## [Input data]
----

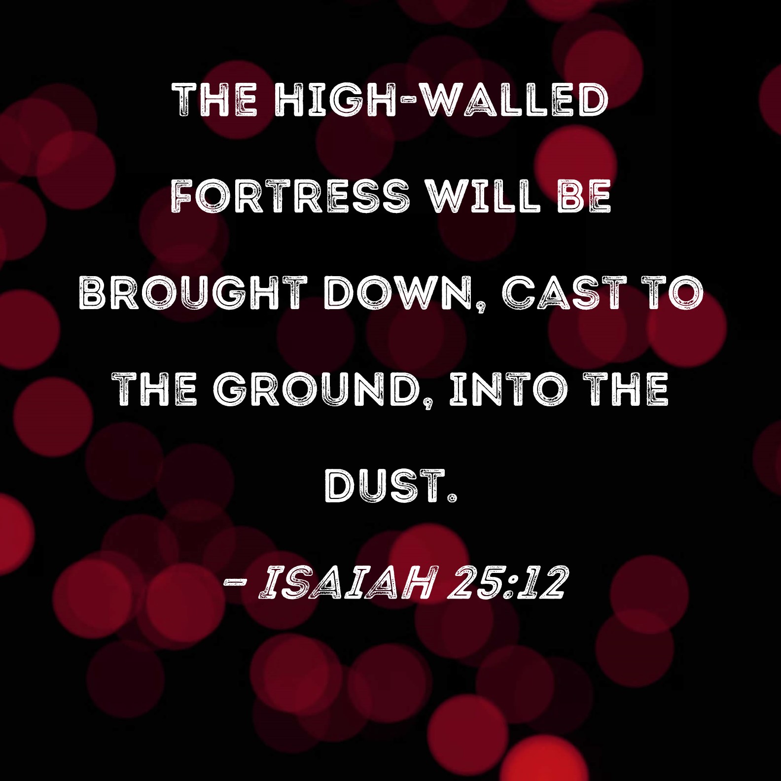 Isaiah 25:12 The high-walled fortress will be brought down, cast to the ground, into the dust.
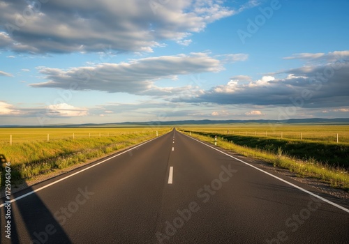 © Vadym, Naklejka premium Bright sunlight on an endless straight asphalt road stretching towards blue horizon, symbolizing freedom, exploration, and the spirit of adventurous travel
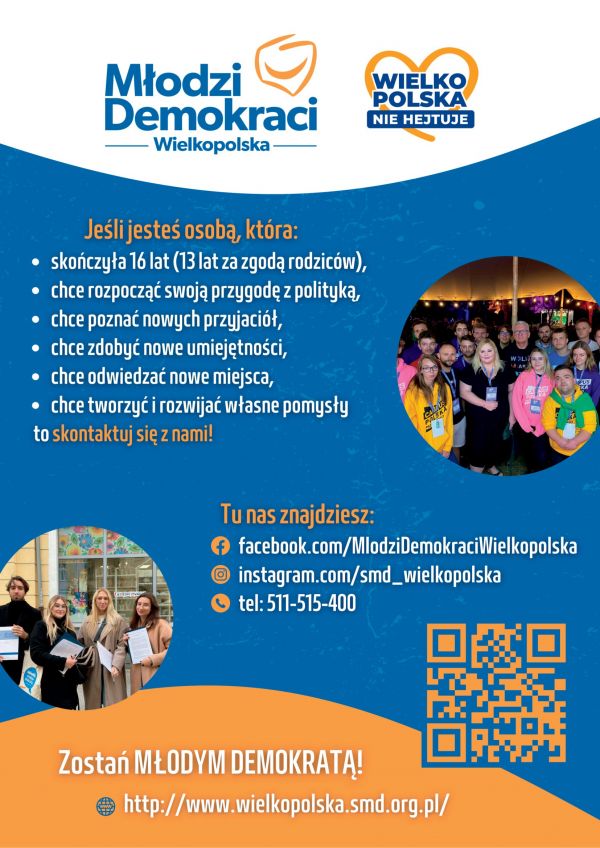 Stowarzyszenie Młodzi Demokraci – Wielkopolska, zaprasza do współpracy, zachęca do wstąpienia, mobilizuje do aktywności Skontaktuj się poprzez: www.wielkopolska.smd.org.pl lub tel.: +48 511 515 400
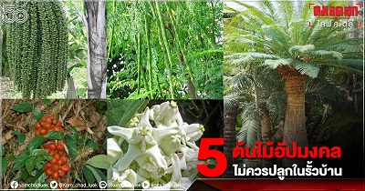 หลายคนอาจจะเคยสงสัยว่าการห้ามปลูกต้นไม้ที่มีชื่อที่ฟังแล้วจะไม่เป็นมงคลเอาไว้ในบ้าน เป็นเพียงแค่กุศโลบายของคนโบราณหรือเปล่า หรือว่าแต่ละต้นจะมีความอัปมงคลได้อย่างไรทั้งที่ให้ความร่มรื่นเหมือนๆกัน แต่บางคนก็มีความเชื่อเลือกปลูกต้นไม้ที่มีความหมายดีๆเสริมความเป็นสิริมงคลให้กับชีวิต ส่วนใครที่ยังไม่ทราบว่าต้นไม้ที่ตนเองกำลังปลูกอยู่นั้นคือต้นไม้อัปมงคลหรือเปล่า ลองไปสำรวจรอบบ้านดู คมชัดลึกออนไลน์ขอพามาแนะนำ 5 ต้นไม้อัปมงมล ไม่ควรปลูกในรั้วบ้าน ดังนี้จ้า

----

Starting with the line that holds "Stowarzyszenie Młodzi Demokraci", reproduce exactly each line up to and including the last line of the material above, and drop the pictures.

## [Task response]
 Stowarzyszenie Młodzi Demokraci – Wielkopolska, zaprasza do współpracy, zachęca do wstąpienia, mobilizuje do aktywności Skontaktuj się poprzez: www.wielkopolska.smd.org.pl lub tel.: +48 511 515 400
 หลายคนอาจจะเคยสงสัยว่าการห้ามปลูกต้นไม้ที่มีชื่อที่ฟังแล้วจะไม่เป็นมงคลเอาไว้ในบ้าน เป็นเพียงแค่กุศโลบายของคนโบราณหรือเปล่า หรือว่าแต่ละต้นจะมีความอัปมงคลได้อย่างไรทั้งที่ให้ความร่มรื่นเหมือนๆกัน แต่บางคนก็มีความเชื่อเลือกปลูกต้นไม้ที่มีความหมายดีๆเสริมความเป็นสิริมงคลให้กับชีวิต ส่วนใครที่ยังไม่ทราบว่าต้นไม้ที่ตนเองกำลังปลูกอยู่นั้นคือต้นไม้อัปมงคลหรือเปล่า ลองไปสำรวจรอบบ้านดู คมชัดลึกออนไลน์ขอพามาแนะนำ 5 ต้นไม้อัปมงมล ไม่ควรปลูกในรั้วบ้าน ดังนี้จ้า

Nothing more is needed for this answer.